▸ **RECORDED DATA**:

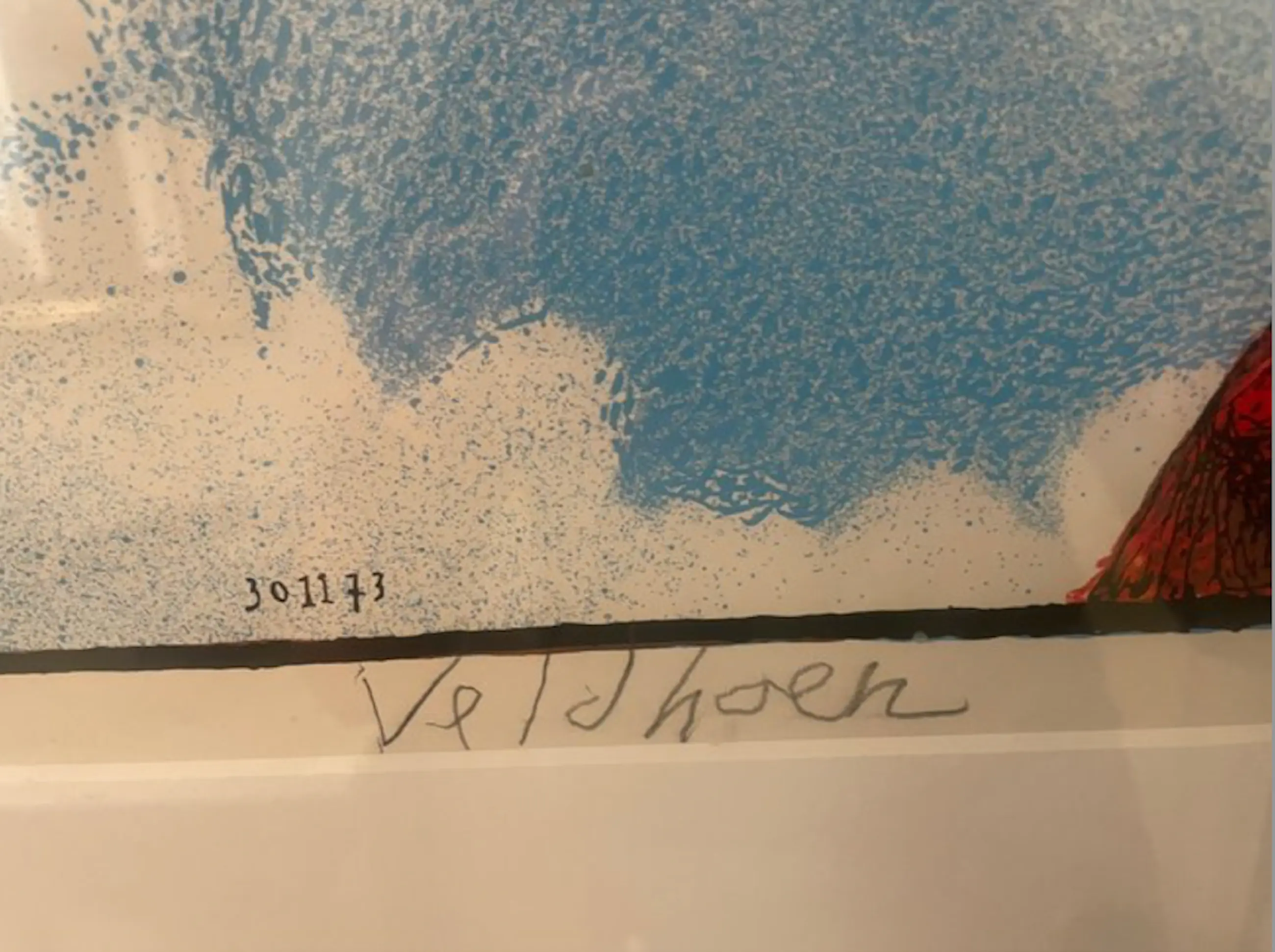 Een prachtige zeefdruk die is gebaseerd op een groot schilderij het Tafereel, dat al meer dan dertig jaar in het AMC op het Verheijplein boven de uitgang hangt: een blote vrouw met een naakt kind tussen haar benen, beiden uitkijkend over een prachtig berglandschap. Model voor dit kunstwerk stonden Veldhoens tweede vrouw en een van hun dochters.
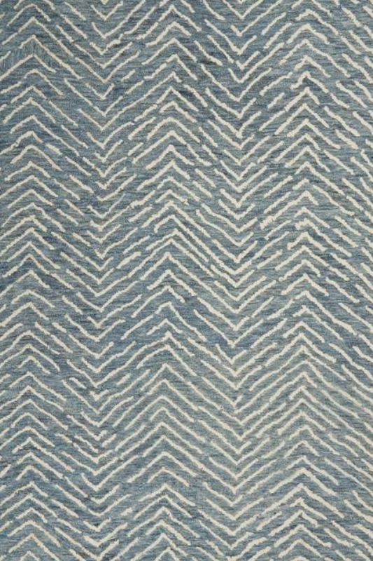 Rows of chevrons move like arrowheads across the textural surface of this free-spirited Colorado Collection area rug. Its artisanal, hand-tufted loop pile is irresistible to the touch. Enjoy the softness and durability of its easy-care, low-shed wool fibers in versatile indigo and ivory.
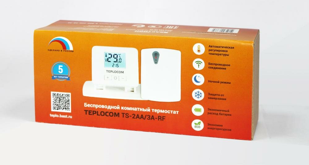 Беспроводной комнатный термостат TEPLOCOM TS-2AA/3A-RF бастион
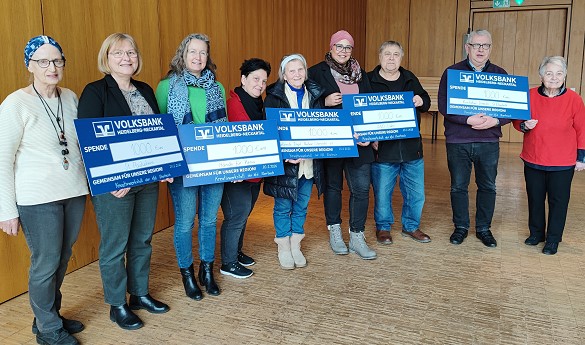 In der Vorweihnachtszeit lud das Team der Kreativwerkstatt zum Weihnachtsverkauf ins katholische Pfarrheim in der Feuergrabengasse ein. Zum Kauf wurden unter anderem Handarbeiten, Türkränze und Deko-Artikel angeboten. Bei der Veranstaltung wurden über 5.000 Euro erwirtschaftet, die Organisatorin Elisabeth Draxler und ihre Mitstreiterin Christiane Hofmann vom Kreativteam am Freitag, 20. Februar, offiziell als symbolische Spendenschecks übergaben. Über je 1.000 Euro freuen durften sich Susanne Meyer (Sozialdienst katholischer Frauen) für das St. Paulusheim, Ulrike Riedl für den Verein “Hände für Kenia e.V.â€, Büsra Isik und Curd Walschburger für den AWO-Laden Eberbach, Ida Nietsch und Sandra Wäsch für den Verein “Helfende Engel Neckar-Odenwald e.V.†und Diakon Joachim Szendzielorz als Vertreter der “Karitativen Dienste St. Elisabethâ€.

▸ **WHAT YOU ARE ASKED TO DO**: In the copy you return, include exactly the lines from the one containing "Беспроводной комнатный термостат" through the final line of the listing, and no pictures.

▸ **THE COMPLETED TASK**:
 Беспроводной комнатный термостат TEPLOCOM TS-2AA/3A-RF бастион
 In der Vorweihnachtszeit lud das Team der Kreativwerkstatt zum Weihnachtsverkauf ins katholische Pfarrheim in der Feuergrabengasse ein. Zum Kauf wurden unter anderem Handarbeiten, Türkränze und Deko-Artikel angeboten. Bei der Veranstaltung wurden über 5.000 Euro erwirtschaftet, die Organisatorin Elisabeth Draxler und ihre Mitstreiterin Christiane Hofmann vom Kreativteam am Freitag, 20. Februar, offiziell als symbolische Spendenschecks übergaben. Über je 1.000 Euro freuen durften sich Susanne Meyer (Sozialdienst katholischer Frauen) für das St. Paulusheim, Ulrike Riedl für den Verein “Hände für Kenia e.V.â€, Büsra Isik und Curd Walschburger für den AWO-Laden Eberbach, Ida Nietsch und Sandra Wäsch für den Verein “Helfende Engel Neckar-Odenwald e.V.†und Diakon Joachim Szendzielorz als Vertreter der “Karitativen Dienste St. Elisabethâ€.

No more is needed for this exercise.